Insights into the forces shaping our industry.
Who can Sell this Stuff?
Blog, Industry Commentary
I’ve written about the impacts of the new technology on the general electrical industry over the past 4-5 years. I’ve devoted more of that dialog to lighting (especially solid state lighting, SSL) for several reasons:
- Lighting consumes over 40% of the energy in commercial buildings
- Lighting is typically the second largest electrical bid portion of a commercial project
- Lighting is the #2 stocking product in electrical distributors’ inventory
- Lighting gets more blame and praise than any other electrical component
Lighting commands a larger indirect footprint in the electrical industry than many people recognize. When lighting becomes electronic the impacts will be profound:
- ‘Connected loads’ in a commercial building will drop significantly
- With reduced connected loads, power distribution products change proportionately
- With low voltage distribution of SSL, the role of the traditional electrician changes, including the potential of eliminating a licensed electrician entirely
- Low voltage power distribution impacts: boxes, pipe, wire, connectors, labor units, hangers, switches and codes
- Lighting indirectly ‘enables’ solar power, with reduced load requirements and the native DC nature of SSL, solar will become a more cost-effective solution for many applications; especially residential, but commercial as well. And solar adoption enables battery development.
- With SSL fully adopted, Lighting becomes a medium for other electronic things
When SSL is fully adopted, it will become the communication medium of all electronic things if for no other reason than it is mechanically and geographically robustly distributed throughout the space. The ability to add controls and sensors into SSL is simple (to those who know how to do that, of course).
We already see the trends: Google has a Wi-Fi enabled chip installed into LSG’s replacement LED light bulb; Retail informatics and GPS devices are included in Acuity and Philips’ new smart fixtures to provide a retail experience that is ‘smart’ and cell phone integrated; Sensity has outdoor SSL designs that can lead a driver to an open parking space and identify who the driver is; including demographics.
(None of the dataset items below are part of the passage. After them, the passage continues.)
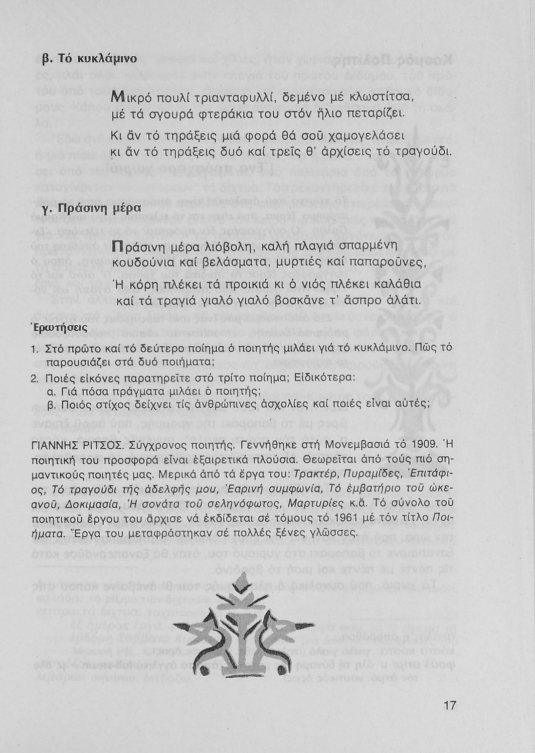 Σχολικό εγχειρίδιο Νέων Ελληνικών Β' Γυμνασίου που περιέχει δημοτικά τραγούδια, πεζά, δοκίμια και ποιήματα σύγχρονων Ελλήνων συγγραφέων και είναι χωρισμένο σε θεματικές ενότητες όπως η πόλη και η ύπαιθρος, η ...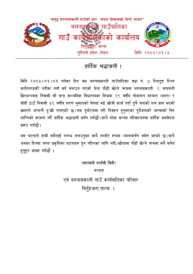 | बगनासकाली गाउँपालिका मेला महोत्सव संचालन कार्यविधि २०८२ | 01/28/2026 - 12:25 |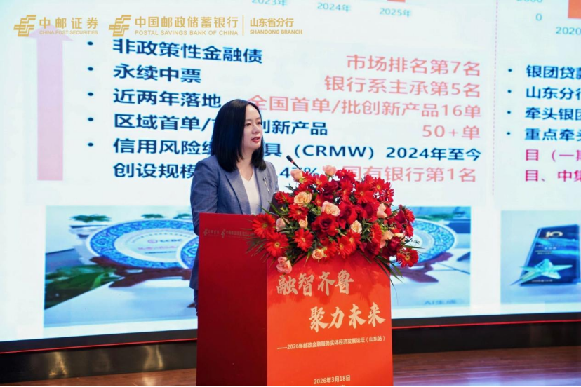 3月18日,中邮证券有限责任公司与中国邮政储蓄银行山东省分行联合主办的“2026年邮政金融服务实体经济发展论坛(山东站)”在济南举行。

I’m aware of research into medical assessment tools that can logically be incorporated into SSL lighting chips that can track a patient’s health metrics and relay anomalies back to a central medical office. Additionally there are prototype ‘mirrors’ that can virtually accessorize a woman in a dressing room; again, deployable through SSL lighting.
So the real question becomes… as great as all of these potential applications are; who is capable of selling this stuff? I can’t envision a distributor salesman talking to a customer about retail informatics, nor can I see a lighting rep promoting a SSL system that includes Bluetooth enabled fixtures to track the activities of people inside a retail store or museum or prison. And I’m pretty sure that none of us has seen an electrician who can commission or de-bug a faulty Bluetooth enabled light bulb.
So in the race for lighting to become the medium of electronic controls and sensors, we lose sight of one really important thing; who’s paying attention to lighting anymore? Lighting has never been about the emitter, it has always been solely about emittance: how much light falls, where it falls, how it relates to other emittances in terms of max and min ratios, which colors it renders or doesn’t render, how it evokes emotion and elicits attention, how it competes against itself in glare versus clarity of the seeing task. Lighting has always been an art, grounded in science. SSL is science deployed through light.
SSL brings tremendous complexity that has to be absorbed and clearly presented to the arbiters of quality lighting. While it becomes ‘easy’ to laden SSL with a variety of cool additional tasks: security, sensors, controls, data transmission, etc., it doesn’t improve the quality of lighting. And it confuses the message, which lessens the discussion dedicated to lighting. And it makes it harder to actually sell.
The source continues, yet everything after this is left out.